━━ GIVEN DATA ━━

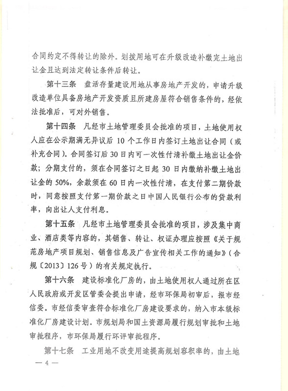 第十五條  凡經(jīng)市土地管理委員會(huì)批準(zhǔn)的項(xiàng)目,涉及集中商業(yè)、酒店類等內(nèi)容的,其銷售、轉(zhuǎn)讓、權(quán)證辦理應(yīng)按照《關(guān)于規(guī)范房地產(chǎn)項(xiàng)目規(guī)劃、銷售信息及廣告宣傳相關(guān)工作的通知》(合規(guī)〔2013126號(hào))的有關(guān)規(guī)定執(zhí)行。
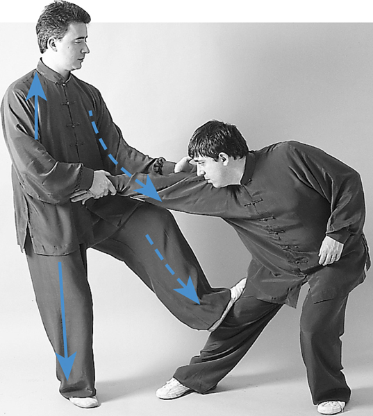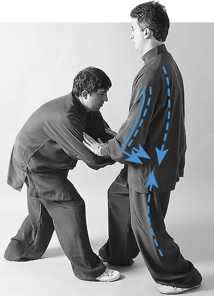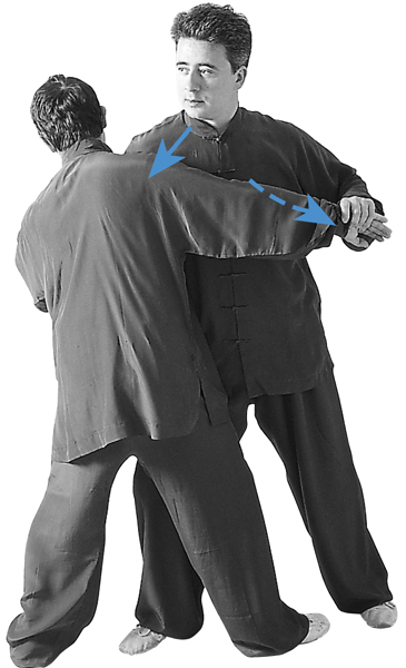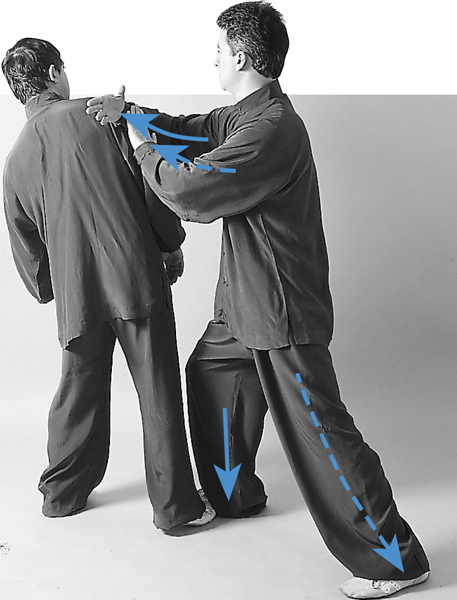 Fuerza de concentración. En cada técnica de Tai-Chi se presenta la posibilidad de concentrar toda la fuerza del cuerpo para golpear zonas incluso muy pequeñas, hasta llegar a los puntos vitales. Para entrenar esta fuerza, espirando, hay que apretar con las dos manos cruzadas, dando un golpe muy concentrado sobre el hombro de la persona que tenemos delante; naturalmente todos los puntos del cuerpo pueden ser golpeados, pero normalmente se utiliza la espalda del compañero para no causarle daño alguno.
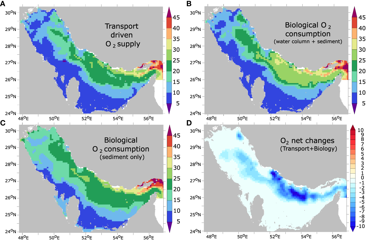 Because of the scarcity of physical and biogeochemical observations in the region (Al-Yamani and Naqvi, 2019), our understanding of the dynamics of hypoxia in the Gulf remains in its infancy. Indeed, the lack of observations not only limits our ability to understand the dynamics of the Gulf biogeochemical environment in general and the dynamics of O2 cycling in particular, but also severely hinders documenting long-term O2 trends in the Gulf in the context of a changing climate. Several modeling studies were conducted to compensate for the scarcity of observations in the Gulf (Chao et al., 1992; Kämpf and Sadrinasab, 2006; Yao and Johns, 2010a; Yao and Johns, 2010b; Thoppil and Hogan, 2010a; Thoppil and Hogan, 2010b; Pous et al., 2013; Pous et al., 2015; Al Azhar et al., 2016; Al-Shehhi et al., 2021). However, no modeling has yet been conducted to elucidate the biogeochemistry of the Gulf, as previous studies essentially focused only on the dynamics of the Gulf circulation and its the variability. Moreover, to the best of our knowledge, no previous work has explored the drivers of large-scale hypoxia in the Gulf and its seasonal and long-term variability.
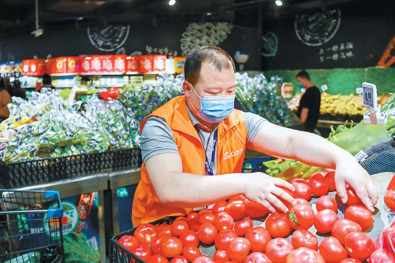 物美雙井店店長(zhǎng)宋飛飛在賣場(chǎng)查看蔬果銷售情況。本報(bào)記者 鄧偉攝

━━━

- WHAT TO WORK ON
The output has to match the data above line for line, except that pictures are dropped.

- ANSWER SECTION
 第十五條  凡經(jīng)市土地管理委員會(huì)批準(zhǔn)的項(xiàng)目,涉及集中商業(yè)、酒店類等內(nèi)容的,其銷售、轉(zhuǎn)讓、權(quán)證辦理應(yīng)按照《關(guān)于規(guī)范房地產(chǎn)項(xiàng)目規(guī)劃、銷售信息及廣告宣傳相關(guān)工作的通知》(合規(guī)〔2013126號(hào))的有關(guān)規(guī)定執(zhí)行。
 Fuerza de concentración. En cada técnica de Tai-Chi se presenta la posibilidad de concentrar toda la fuerza del cuerpo para golpear zonas incluso muy pequeñas, hasta llegar a los puntos vitales. Para entrenar esta fuerza, espirando, hay que apretar con las dos manos cruzadas, dando un golpe muy concentrado sobre el hombro de la persona que tenemos delante; naturalmente todos los puntos del cuerpo pueden ser golpeados, pero normalmente se utiliza la espalda del compañero para no causarle daño alguno.
 Because of the scarcity of physical and biogeochemical observations in the region (Al-Yamani and Naqvi, 2019), our understanding of the dynamics of hypoxia in the Gulf remains in its infancy. Indeed, the lack of observations not only limits our ability to understand the dynamics of the Gulf biogeochemical environment in general and the dynamics of O2 cycling in particular, but also severely hinders documenting long-term O2 trends in the Gulf in the context of a changing climate. Several modeling studies were conducted to compensate for the scarcity of observations in the Gulf (Chao et al., 1992; Kämpf and Sadrinasab, 2006; Yao and Johns, 2010a; Yao and Johns, 2010b; Thoppil and Hogan, 2010a; Thoppil and Hogan, 2010b; Pous et al., 2013; Pous et al., 2015; Al Azhar et al., 2016; Al-Shehhi et al., 2021). However, no modeling has yet been conducted to elucidate the biogeochemistry of the Gulf, as previous studies essentially focused only on the dynamics of the Gulf circulation and its the variability. Moreover, to the best of our knowledge, no previous work has explored the drivers of large-scale hypoxia in the Gulf and its seasonal and long-term variability.
 物美雙井店店長(zhǎng)宋飛飛在賣場(chǎng)查看蔬果銷售情況。本報(bào)記者 鄧偉攝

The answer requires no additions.